The articleis based on science which, though very in-depth, is testament to just how significant and special the Zambezi is. Our mighty river is believed to be the oldest river on this planet, unmatched by anything else probably before, or since. Imagine! An ancient wilderness where prehistoric creatures roamed and hunted.
Today, the Zambezi and its significant tributaries provide some of southern Africa’s most breathtaking landscapes and wildlife - a wilderness paradise and a tourism focus - dotted with lodges, camps and facilities, many of which grace our Wild Zambezi website.
Ancient Rivers
Africa’s Zambezi is now established as Earth’s oldest known river – the direct descendent of an ancient Proto-Zambezi river. The origins of the Zambezi have been deciphered from geological evidence across the vast wilderness of the Chicoa, Gwembe, Luangwa, Mana and Sebungwe valleys of south-central Africa; here, rock formations and landforms preserve the central repository of the river’s history back into the Palaeozoic Era before Ma (million years ago).The Proto-Zambezi river originated in the drainage system that was established as vast Dwyka ice-sheets were receding across the super-continent of Gondwana. At this time the vast highlands of the Trans-Gondwana mountains directed the westerly flow of glacial meltwaters into the interior of Gondwana.
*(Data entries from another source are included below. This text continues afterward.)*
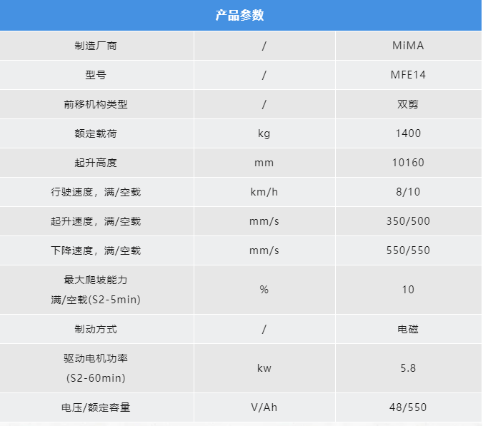 MiMA米玛MFE双剪刀叉前移式叉车,配备剪叉伸缩机构,可实现剪叉灵活伸缩、侧移及倾斜调整,构建高效取放货方案,满足多样化仓储需求。
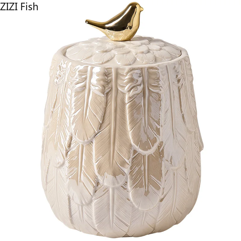 The jar features a luxurious golden bird feather relief design, blending Nordic minimalism with decorative sophistication. Its secure lid keeps contents fresh while enhancing the overall aesthetic of your home décor.
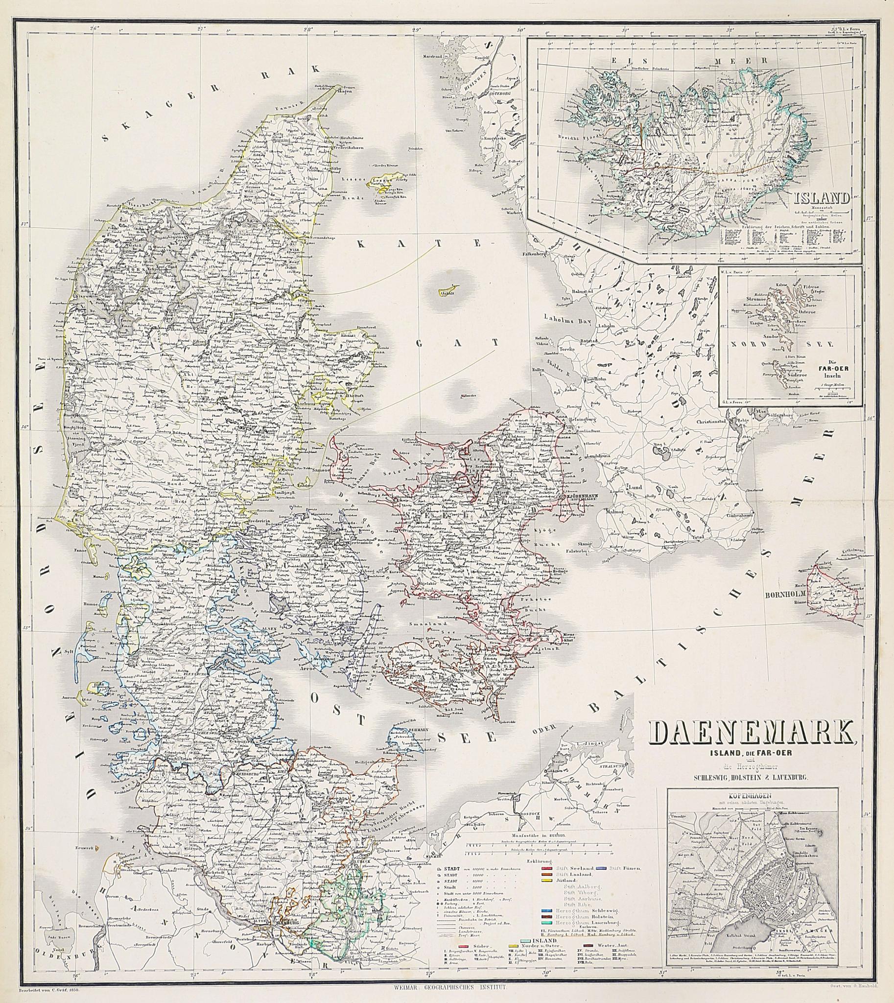 Dánia határszínezett térképe, három további térképpel Izlandról, a Feröer-szigetekről és Koppenhága tervével. A határszínezéssel Sjælland, Fyn, Lolland és a Schleswig, Holstein és Lauenburg hercegségek láthatók. Mutatja a városokat és településeket, utakat, vasutakat, folyókat, csatornákat stb. Tartalmazza a legendát és a rövidítést. A domborzat sraffírozással jelölve. A fő meridiánok a Ferro és a Paris.
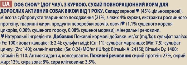 - Сухий корм для активних собак Dog Chow Active Adult з куркою 14 кг

With its catchment entirely contained within Gondwana, this massive river sustained a vast, inland sea centred on modern-day Botswana.
The present article draws on our recently published paper in the South African Journal of Geology: ‘The Zambezi River: an archive of tectonic events linked to Gondwana amalgamation and disruption, and subsequent evolution of the African Plate’.
I summarize how all the evidence reveals the origins and history of this ancient river, and conclude in emphasizing the world heritage status of the Luangwa and Zambezi valleys. Remarkably, science knows little about the absolute ages of the world’s oldest rivers. One needs firm evidence to qualify that a river is truly ancient. As in the case of the Zambezi, certification demands an unbroken chain of evidence linking today’s river with its earliest known ancestral land-forms back into the remote geological past. In the scholarly literature, the Mississippi has long stood alone: traceable back to a Proto-Mississippi established ~250 million years ago (Ma). Some of the other popular claims of ancient rivers are, in contrast, poorly resolved; notably, the Finke of central Australia is claimed to be the direct descendant of a 340 Ma old river. Yet, the contiguous record of a Finke river stops at 100 Ma, distinct from 340 Ma traces of a very different river in the Carboniferous. In between a gap in sediment deposition of 200 million divides the tenures of two distinct rivers.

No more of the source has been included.